Further, the spiritual life is rarely seen as allowing the Holy Spirit to rule and guide one’s heart, mind, and will by the use of demanding gospel disciplines, but as cultivating an inner journey into the depths of one’s own soul to find one’s own spirit and feel its connection with an affirming and encouraging God. The latter journey is pleasant and soothing, while the former is demanding and painful because there is always sin to be discovered and mortified.

In Christendom, freedom was seen as liberation from one’s selfish and disordered passions in order to love God and neighbor. Now freedom is usually seen as liberation from this-worldly oppressors by using one’s (unsanctified) passions. For example, even conservative people will proclaim liberation not from one’s bondage to sin but from “low self-esteem,” the answer to which is the assertion of their will against the wills of others.

The worship of Almighty God—often called “celebration”—is now placed at the same level as every other activity. No one looks up or kneels or bows. All look at each other, for God is to be found primarily in other people. The highlight of many services seems to be the passing of the peace.

People wear jeans at home and at the ballpark and they wear jeans to engage in worship. They save their best clothing for dinner parties and other this-worldly activities. In many churches, the only people who dress up for worship are those in the choir, who put on a special uniform to present worship as a form of theater and a show: They give a musical presentation to the congregation, which is casually dressed for the performance. Apparently now to be casual is to be spiritual.

Accommodated Religion

Of course there are always notable exceptions, but in general where religion still thrives in the West (particularly in the competitive religious supermarket of the United States) it has accommodated itself to a large degree to the individualism, subjectivity, personal autonomy, permissiveness, casualness, materialism, and pragmatism of what we call postmodernity.

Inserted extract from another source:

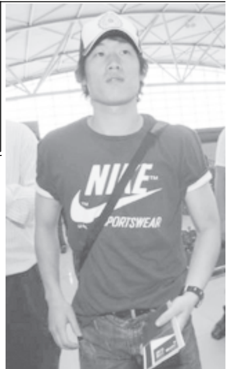
South Korean soccer player Park Ji-sung boards a plane to join his team Manchester United, at an airport in Incheon, west of Seoul, on 6 July, 2005. Park, who helped PSV Eindhoven win the Dutch title and reach the Champions League semi-finals last season, became the first South Korean to play in the English Premier League.

It is very different from the religion of Christendom. It is very different indeed from the religion of the Protestants and Catholics of the seventeenth century, for whom God was the very center and substance of all life and things and possibilities. And it is very different even from the religion that was found in the height of modernity in the mid-nineteenth century, which still looked to God and believed he was leading them forward, and which still had a sense of public duty and responsibility as well as personal discipline.

We cannot return to Christendom. We cannot return to modernity. We live in a postmodern society and cannot escape. But for Christians that condition only defines the world in which we must live out our faith. It does not (as liberal Christians believe) determine for us what that faith is. If postmodernity is blind to the truth, we can still learn from earlier times what in fact is the truth of godliness and how we can be God-fearing people.

We can, for example, try to worship with rites not affected by postmodernity. One advantage in using a classic or traditional Liturgy—such as the Book of Common Prayer (in the 1662 or 1928 version), the Tridentine Mass, or the Liturgy of St. John Chrysostom—is that it offers the worshiper a content and language so different from the religion of the day that it may shock him into questioning the modern values. They are to postmodernity a sign of contradiction.

In these Liturgies—much more so than in the contemporary Liturgies—is found the substance that inspired people in Christendom to love God and that caused them to lift up their eyes unto the Lord of all being. Of course to use one of these Liturgies means much more than merely admiring it: To use it means adopting its doctrine and discipline and entering fully into its presentation of the worship of the Holy Trinity, who is just as much the Father, the Son, and the Holy Spirit today as in the days of Christendom.